Let us take two numbers:

a = 12

b = 18

Step 1: Find the HCF of 12 and 18

The factors of 12 are: 1, 2, 3, 4, 6, 12

The factors of 18 are: 1, 2, 3, 6, 9, 18

The common factors of 12 and 18 are: 1, 2, 3, 6

So, the HCF of 12 and 18 is 6

Step 2: Use the formula to find the LCM
LCM(a, b) = (a × b) ÷ HCF(a, b)

LCM(12, 18) = (12 × 18) ÷ 6 = 216 ÷ 6 = 36

Step 3: Verify the formula
HCF(12, 18) × LCM(12, 18) = 6 × 36 = 216

a × b = 12 × 18 = 216

Both sides are equal, which confirms the formula.

Also read: Improper Fractions - Definition, Conversions, Examples

How to Find HCF by Division Method?

To find the Highest Common Factor (HCF) of two numbers using the division method, follow these steps:

Step 1: Take the smaller number as the divisor and the larger number as the dividend.

Step 2: Divide the dividend by the divisor.

• If the remainder is 0, then the divisor is the HCF.

• If the remainder is not 0, move to the next step.

Step 3: Now, take the remainder as the new divisor and the previous divisor as the new dividend.

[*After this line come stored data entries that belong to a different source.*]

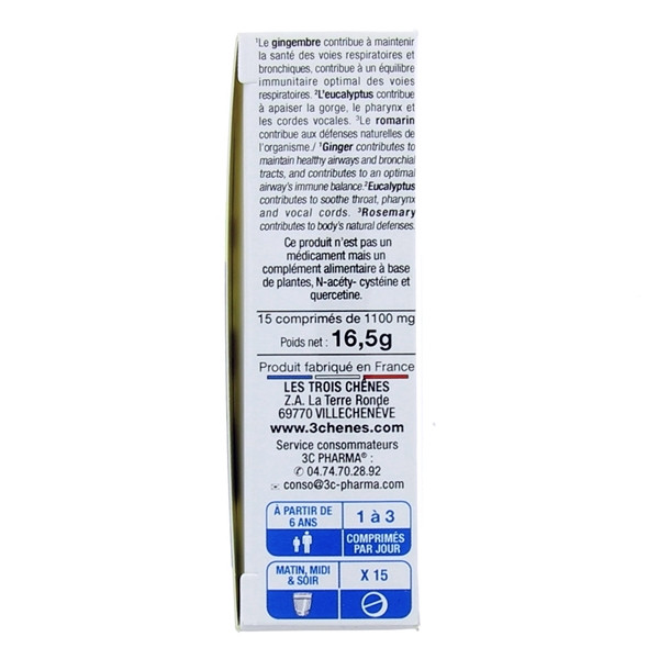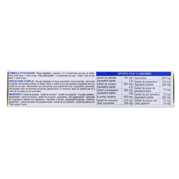 Extrait de plantain ; extrait de romarin ; extrait d'eucalyptus ; N-acetyl-cysteine ; épaississant : gomme d'acacia ; extrait de curcuma ; quercétine ; anti-agglomérant : carbonate de magnésium, stéarate de magnésium ; régulateur d'acidité : phosphate tricalcique ; extrait de gingembre ; extrait de pépin de pamplemousse ; extrait de pin sylvestre ; extrait de poivre noir.
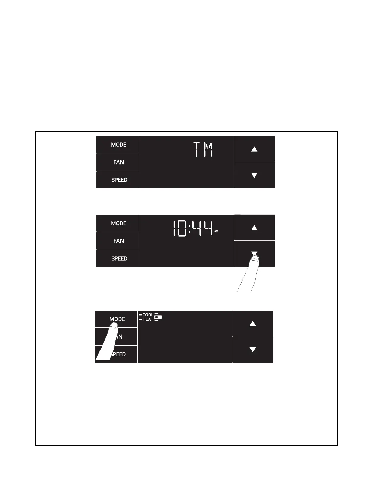 You select your mode. Either cool, heat, or auto. Toggle these using the mode button. See Figure 312. (Note: cooling-only
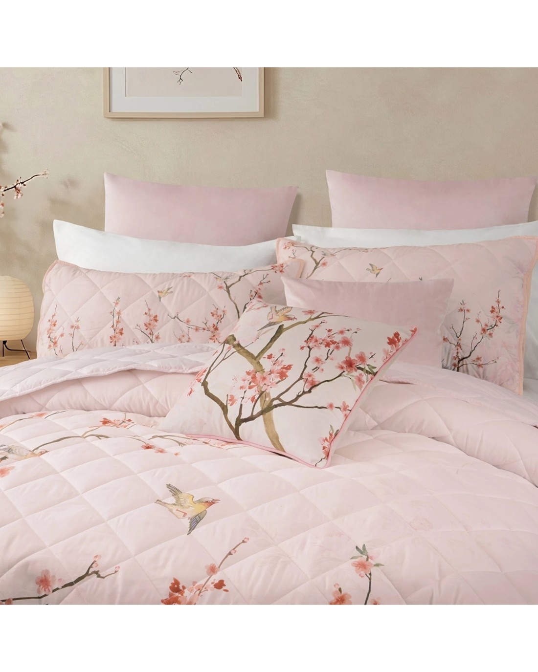 Sold by KG SuperStoreBianca Evelyn Blush Cherry Blossom Bedspread Set Quilted - King Bed - Pink
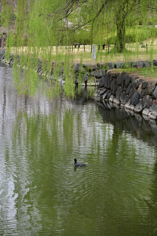 柳の新緑の枝が池に垂れるところにオオバンがいた。
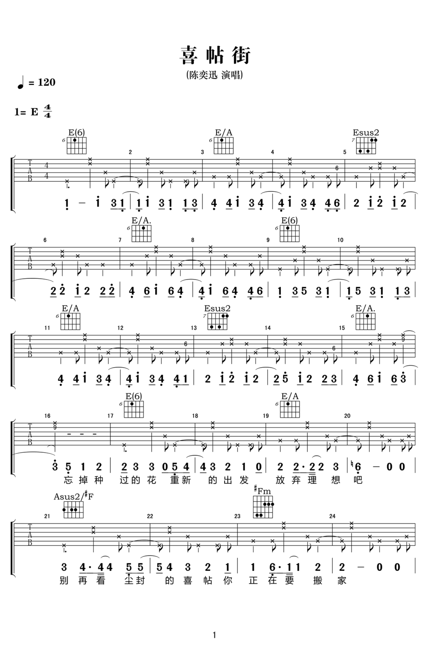 喜帖街吉他谱 - 陈奕迅/谢安琪 - E调吉他弹唱谱
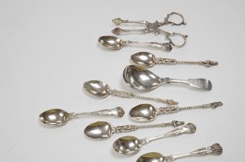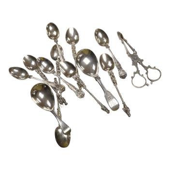 Lot 2836 , Two 19th century silver caddy spoons including Reid & Sons, Newcastle, 1837, ten assorted silver coffee spoons including apostle and a pair of George V silver sugar nips by William Hutton & Sons, 4.8oz.
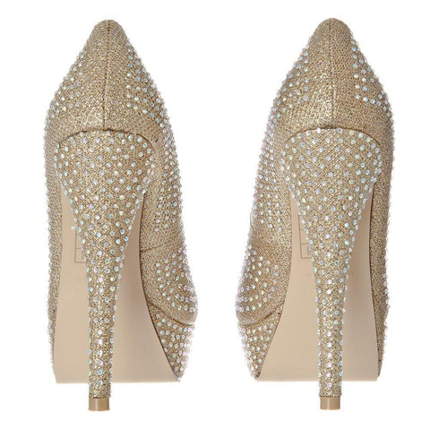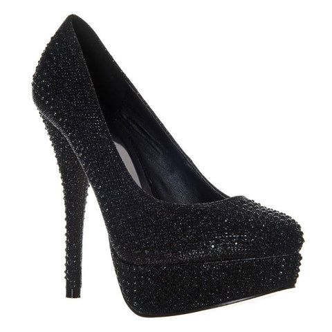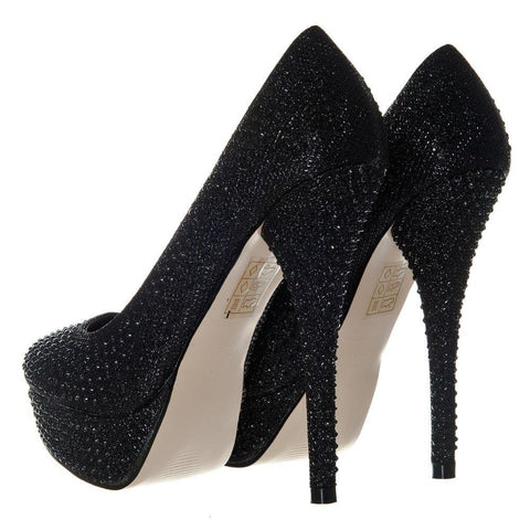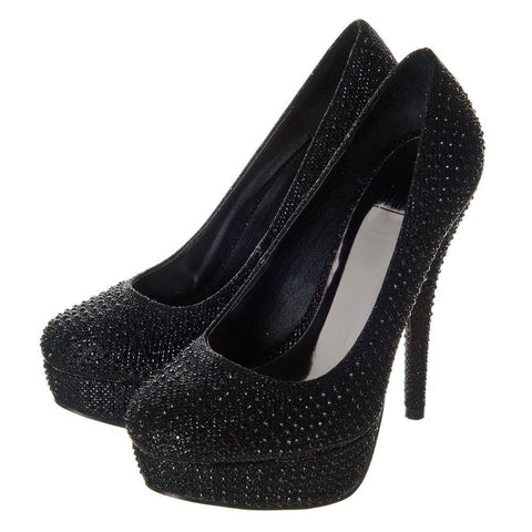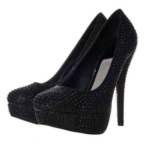 For ultimate glam, slip into these Jenika Courts! With a platform sole and sexy stiletto heel, these courts are covered in dazzling diamantes for an irresistible sparkling diva look. Available in Black, Silver and Gold, you'll light up the dance floor in these beauties!
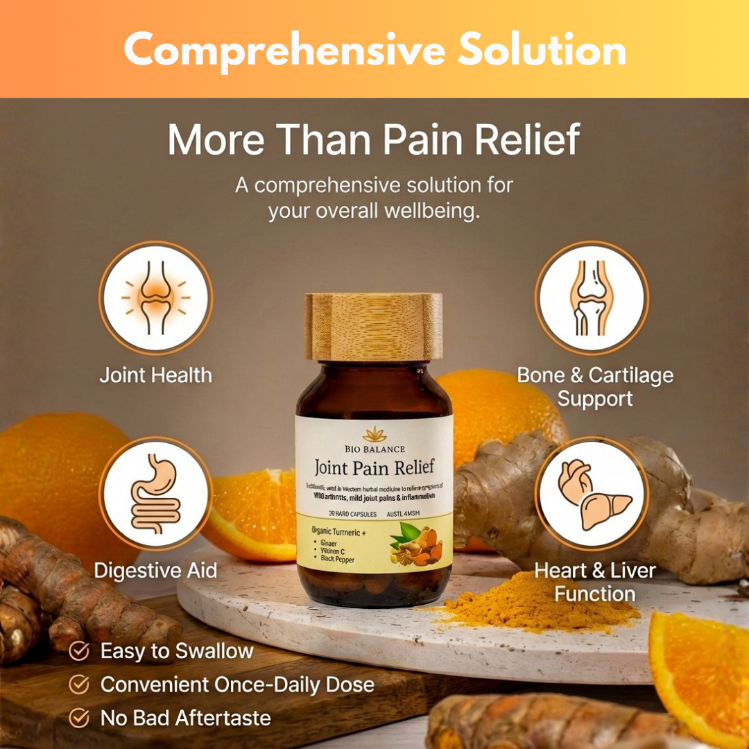 Bio Balance combines organic turmeric (95%+ curcuminoids) with piperine, ginger & vitamin C. It reduces the Cytokines that caues inflammation, helping ease joint pain and support easier movement, naturally & safely.
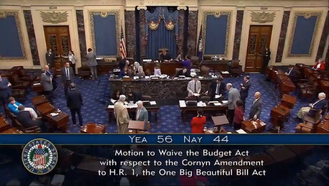 🚨NEW: The Senate just failed a vote (56-44) on President Trump’s OBBB to remove Medicaid benefits from illegal aliens.
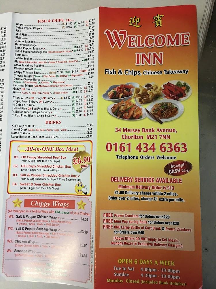 Welcome Inn is nestled in the heart of Chorlton-cum-Hardy at 34 Merseybank Ave, Manchester. This area is known for its vibrant community and diverse culinary offerings, making it the perfect location for a takeaway that excels in both fish & chips and Chinese cuisine. Established with a vision to serve the neighborhood, the Welcome Inn has built a reputation for serving consistently good food at affordable prices. The takeaway's accessibility features include a wheelchair-accessible entrance and ample parking, ensuring that everyone can enjoy their meal without hassle. Open daily, this venue has become a staple for locals looking for comforting food after a long day. With a casual ambiance, it's family-friendly, making it an ideal dining choice for a night out or a quick family meal. Plus, the option for no-contact delivery keeps safety in mind. It's a true local treasure worth visiting!
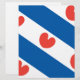 Flag of Friesland, a province in The Netherlands. It consists of blue and white diagonal stripes; in the white stripes are red pompeblêden, leaves of the yellow water-lily, that may remind one of hearts, but according to the official instructions "should not be heart-shaped".
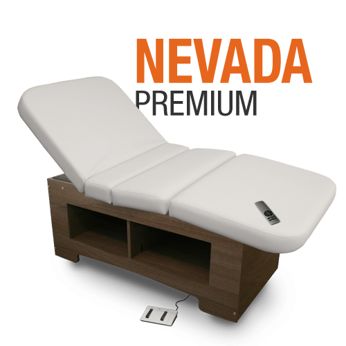 With a new polylac finish for its frame, available in a variety of six colors, the NEVADA PREMIUM is perfect for facial or body care treatments, hair removal, massaging and more. Sturdy, this table is highly stable, resting on four columns, one on each side The NEVADA PREMIUM features a crossbar for safety allowing to go up and down by using a foot pedal that keeps the therapist hands free, preserving the contact with the client during the treatment. The Nevada Premium provides a storage space for your supplies and may be ordered with a drawer or two. It also offers a great storage area for your towel warmer.
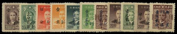 China 1949 (12 May) Yunnan province silver yuan surcharges, set of 11 to $1.20 on $100,000 sage-green, including 4c on $20 and 12c on $200 chocolate with values in normal Chinese currency. A fine unused rare set without gum as issued. The last two stamps, in particular, are very scarce. SG1333/43.
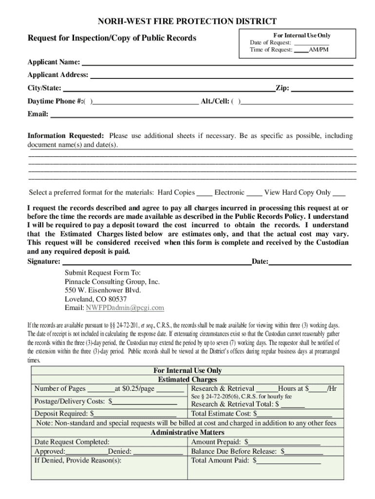 Get the free Request for Inspection/copy of Public Records
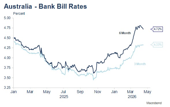 Short-term interest rates and longer-term bond yields were relatively quiet over the week, before dropping sharply on Friday on news of the reopening of the Strait of Hormuz. Some rebound is likely early on Monday given weekend developments. US markets continue to price some mild risk of a further US rate cut, though a full rate reduction is not priced until July 2027. Meanwhile, Australian shorter-term yields further discounted a third successive interest rate rise by the RBA, this now being 77% priced for May and 99% priced by June. I continue to think a June move is more likely.
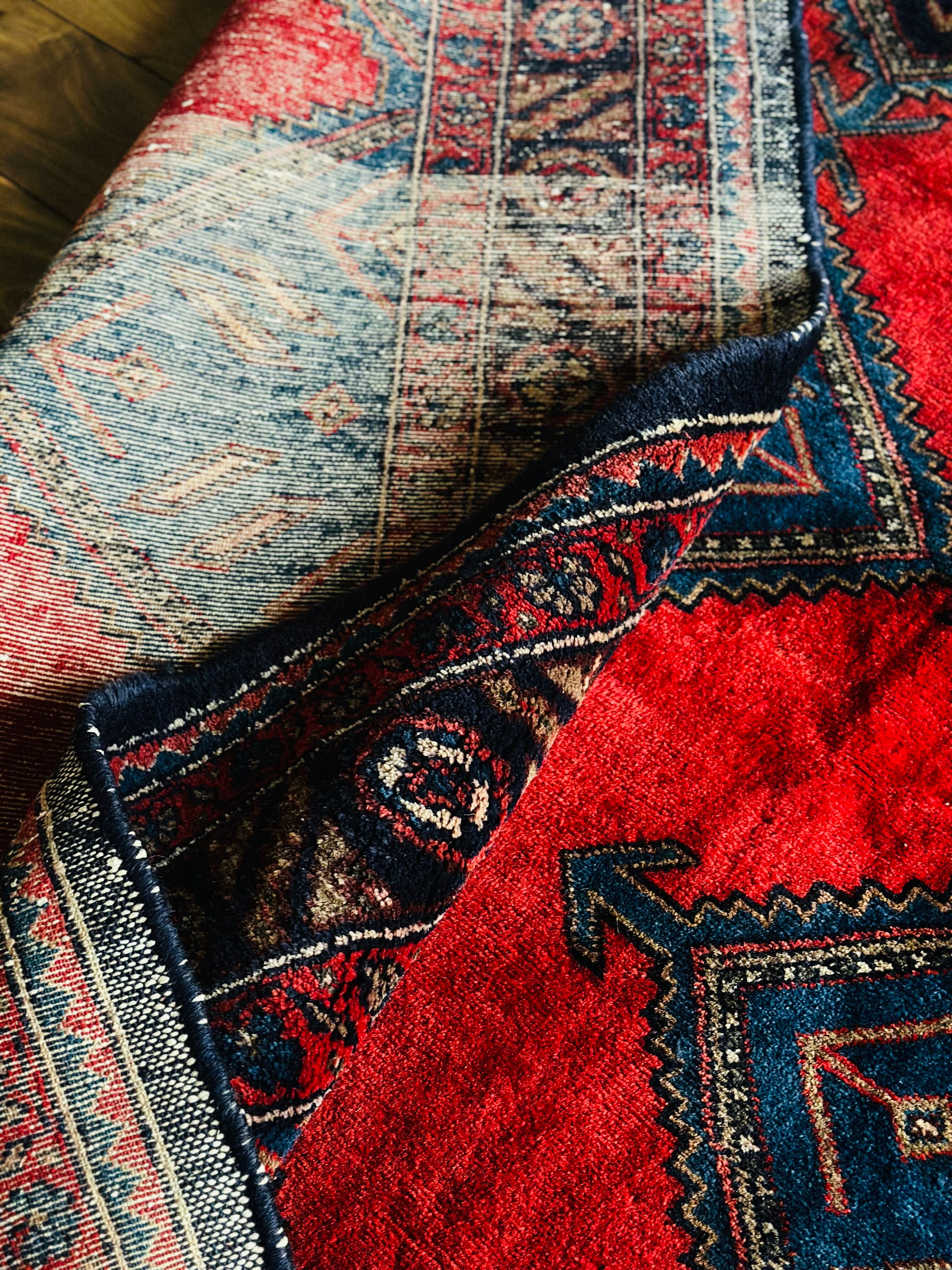 インパクト強めな目を奪われる赤にシャイニーなネイビーの色合いが絶妙な1枚で、なんと言ってもこの大判サイズが魅力的でしょうか。パイル自体もフカフカして厚みもありますので、ソファの前にゆったりと敷いてみたり、ダイニングテーブルの足元を彩ってみたりと超贅沢なザ・絨毯になります。
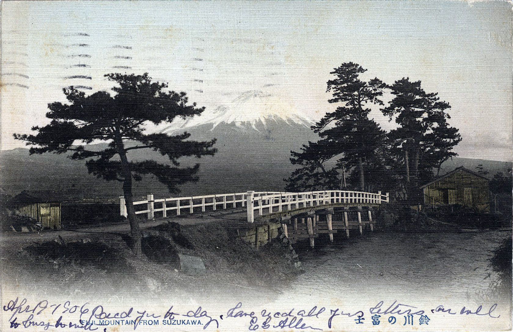 “Fuji mountain from Suzukawa”, 1906. Suzukawa was located along the Tokaido, in the Yoshiwara district of Shizukoka Prefecture, which connected the imperial capital at Kyoto with the bakufu administrative capital at Edo during the Tokugawa era. This section of the Tokaido was lined with pine trees running through rice fields (as depicted in a Hiroshige ukiyo-e), giving definition not only to the roadway but also providing shade and shelter for travelers.

Step 4: Repeat the division process using the new numbers.

Continue until the remainder becomes 0. The last divisor used before the remainder became 0 is the HCF of the original two numbers.

Also read: Scalene Triangle - Definition, Properties & Formula

Example: Find the HCF of 36 and 48 using the Division Method

Let us apply the steps explained above.

Step 1: Identify the smaller and larger number.
Smaller number = 36 (divisor)
Larger number = 48 (dividend)

Step 2: Divide 48 by 36

48 ÷ 36 = 1 remainder 12

Since the remainder is not 0, we go to the next step.

Step 3: Now use 12 (remainder) as the new divisor, and 36 (previous divisor) as the new dividend.36 ÷ 12 = 3 remainder 0

Since the remainder is now 0, we stop here.

The last divisor was 12, so the HCF of 36 and 48 is 12.

How to Find LCM by Division Method?

To find the Least Common Multiple (LCM) of two or more numbers using the division method, follow these steps:

Step 1: Start by checking if the numbers are divisible by the smallest prime number, which is 2.

Step 2:  If at least one of the numbers is divisible by the chosen prime, divide it and carry the other number down as it is (if not divisible).

Step 3: Repeat the process using the same prime number until none of the numbers is divisible by it. Then move to the next prime number (3, then 5, and so on).

Step 4: Continue until all the numbers reduce to 1.

Step 5: Multiply all the prime numbers used in the divisions. The product is the LCM of the given numbers.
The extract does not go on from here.